Problem statement =
Print the lines below from the line with "パ一トナ一の皆様、 9月11" to the line with "无监督聚类确定了三种不同的成" exactly, keeping both ends, and print no pictures.

The data =

--

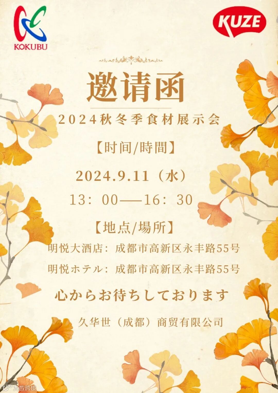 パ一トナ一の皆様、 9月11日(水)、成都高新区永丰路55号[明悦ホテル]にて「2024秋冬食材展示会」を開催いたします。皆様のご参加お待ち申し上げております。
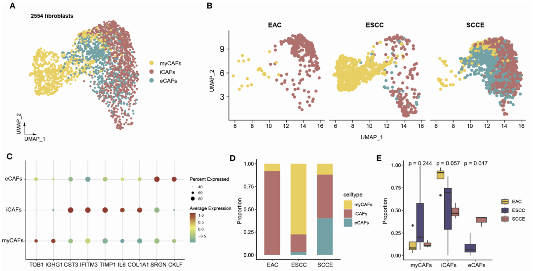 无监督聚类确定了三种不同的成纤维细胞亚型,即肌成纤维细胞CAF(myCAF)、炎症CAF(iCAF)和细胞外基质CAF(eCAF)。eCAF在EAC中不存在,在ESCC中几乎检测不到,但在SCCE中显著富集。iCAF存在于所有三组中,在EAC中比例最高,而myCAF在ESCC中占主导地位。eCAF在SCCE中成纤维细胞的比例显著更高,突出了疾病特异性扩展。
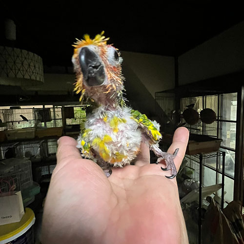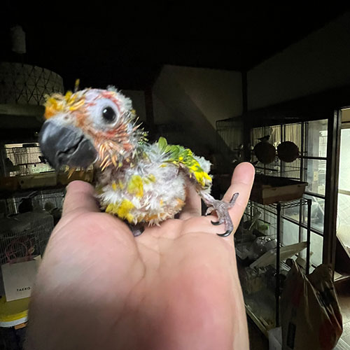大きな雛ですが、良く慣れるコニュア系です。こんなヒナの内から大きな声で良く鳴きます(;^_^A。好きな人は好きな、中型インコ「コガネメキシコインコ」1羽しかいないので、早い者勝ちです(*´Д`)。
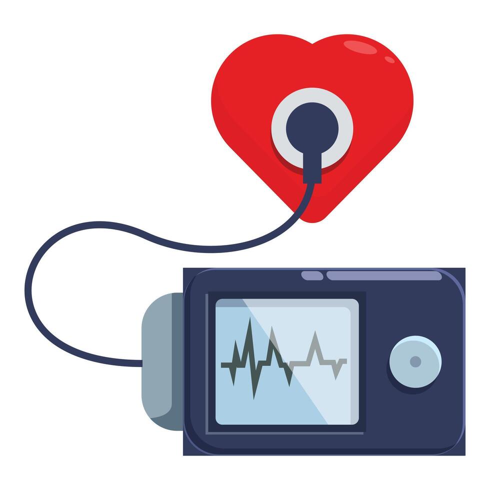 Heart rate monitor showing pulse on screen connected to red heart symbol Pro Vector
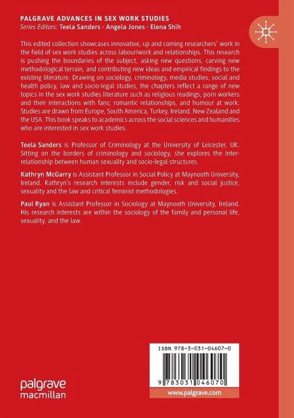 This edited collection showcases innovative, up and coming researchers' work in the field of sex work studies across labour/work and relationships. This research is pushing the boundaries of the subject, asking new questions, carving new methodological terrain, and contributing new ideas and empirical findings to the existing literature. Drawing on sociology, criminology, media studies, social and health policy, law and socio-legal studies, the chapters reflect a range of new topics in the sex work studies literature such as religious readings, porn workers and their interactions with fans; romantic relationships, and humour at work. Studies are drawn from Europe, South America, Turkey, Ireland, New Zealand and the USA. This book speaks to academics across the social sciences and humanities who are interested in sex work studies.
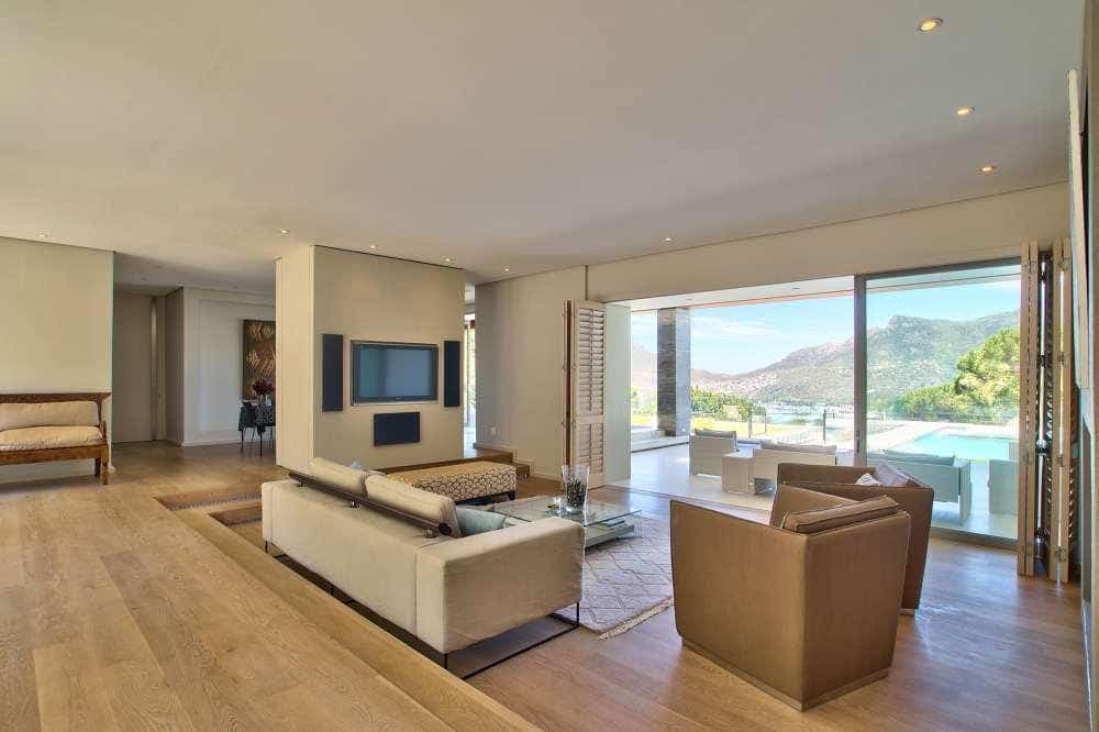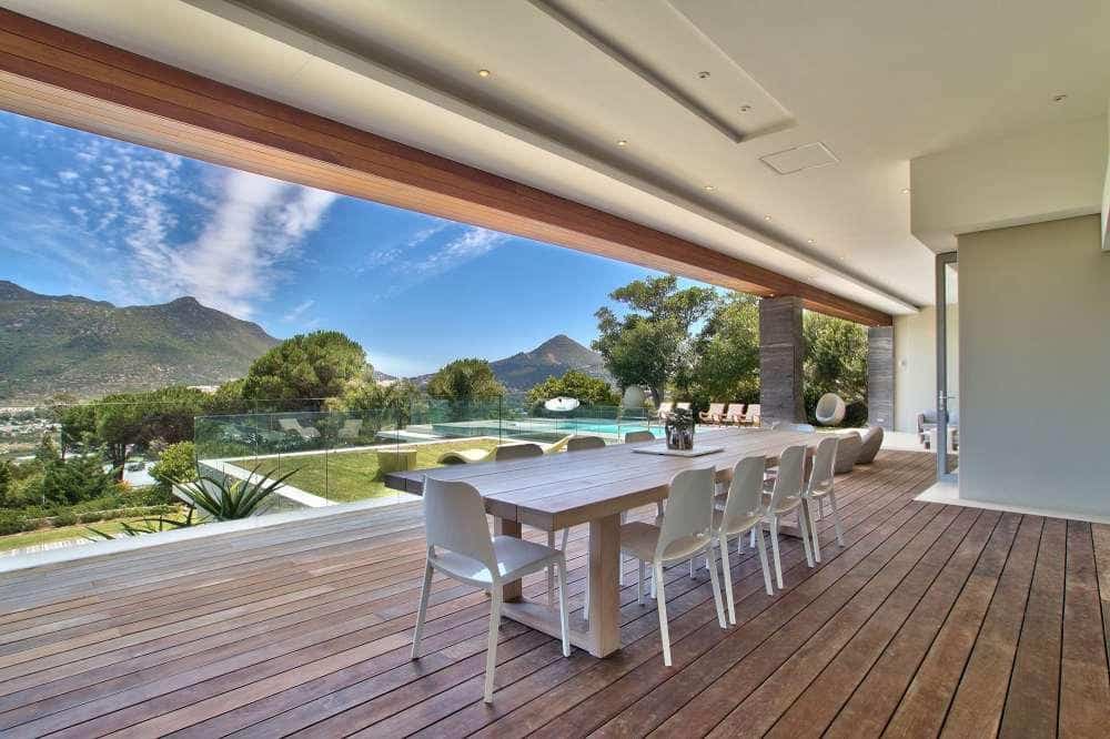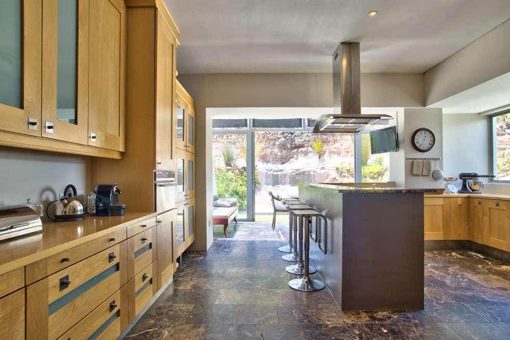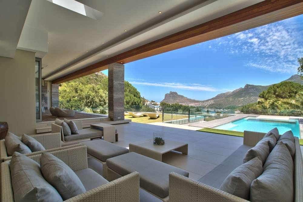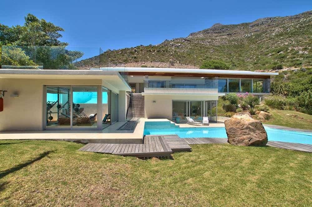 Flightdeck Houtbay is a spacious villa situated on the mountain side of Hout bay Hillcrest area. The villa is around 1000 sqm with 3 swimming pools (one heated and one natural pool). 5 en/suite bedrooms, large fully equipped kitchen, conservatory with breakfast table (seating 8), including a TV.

--

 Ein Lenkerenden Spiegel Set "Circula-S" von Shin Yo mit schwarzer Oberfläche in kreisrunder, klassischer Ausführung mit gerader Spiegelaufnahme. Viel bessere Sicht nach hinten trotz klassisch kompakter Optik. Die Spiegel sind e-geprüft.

--

Exercise output =
 パ一トナ一の皆様、 9月11日(水)、成都高新区永丰路55号[明悦ホテル]にて「2024秋冬食材展示会」を開催いたします。皆様のご参加お待ち申し上げております。
 无监督聚类确定了三种不同的成纤维细胞亚型,即肌成纤维细胞CAF(myCAF)、炎症CAF(iCAF)和细胞外基质CAF(eCAF)。eCAF在EAC中不存在,在ESCC中几乎检测不到,但在SCCE中显著富集。iCAF存在于所有三组中,在EAC中比例最高,而myCAF在ESCC中占主导地位。eCAF在SCCE中成纤维细胞的比例显著更高,突出了疾病特异性扩展。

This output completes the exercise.